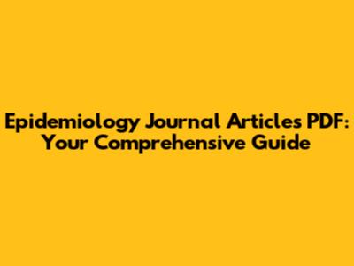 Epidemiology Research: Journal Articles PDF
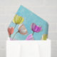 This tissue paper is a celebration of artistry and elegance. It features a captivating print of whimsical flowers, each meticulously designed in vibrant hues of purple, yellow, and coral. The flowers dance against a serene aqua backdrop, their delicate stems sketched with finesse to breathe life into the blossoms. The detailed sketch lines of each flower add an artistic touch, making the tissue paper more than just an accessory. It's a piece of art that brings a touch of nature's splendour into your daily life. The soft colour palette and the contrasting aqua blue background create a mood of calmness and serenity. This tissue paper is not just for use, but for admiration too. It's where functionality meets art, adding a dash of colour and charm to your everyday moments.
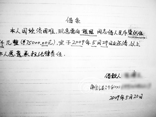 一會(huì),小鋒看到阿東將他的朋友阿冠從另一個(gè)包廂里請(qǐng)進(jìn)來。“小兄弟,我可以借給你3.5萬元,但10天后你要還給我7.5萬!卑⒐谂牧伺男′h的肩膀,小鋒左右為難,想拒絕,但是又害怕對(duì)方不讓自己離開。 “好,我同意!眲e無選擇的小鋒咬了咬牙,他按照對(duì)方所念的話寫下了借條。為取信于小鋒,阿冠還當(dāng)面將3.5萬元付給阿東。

## WHAT YOU SHOULD DO:
Write out the data precisely as given, excluding the pictures.

## TASK SOLUTION:
 Epidemiology Research: Journal Articles PDF
 This tissue paper is a celebration of artistry and elegance. It features a captivating print of whimsical flowers, each meticulously designed in vibrant hues of purple, yellow, and coral. The flowers dance against a serene aqua backdrop, their delicate stems sketched with finesse to breathe life into the blossoms. The detailed sketch lines of each flower add an artistic touch, making the tissue paper more than just an accessory. It's a piece of art that brings a touch of nature's splendour into your daily life. The soft colour palette and the contrasting aqua blue background create a mood of calmness and serenity. This tissue paper is not just for use, but for admiration too. It's where functionality meets art, adding a dash of colour and charm to your everyday moments.
 一會(huì),小鋒看到阿東將他的朋友阿冠從另一個(gè)包廂里請(qǐng)進(jìn)來。“小兄弟,我可以借給你3.5萬元,但10天后你要還給我7.5萬!卑⒐谂牧伺男′h的肩膀,小鋒左右為難,想拒絕,但是又害怕對(duì)方不讓自己離開。 “好,我同意!眲e無選擇的小鋒咬了咬牙,他按照對(duì)方所念的話寫下了借條。為取信于小鋒,阿冠還當(dāng)面將3.5萬元付給阿東。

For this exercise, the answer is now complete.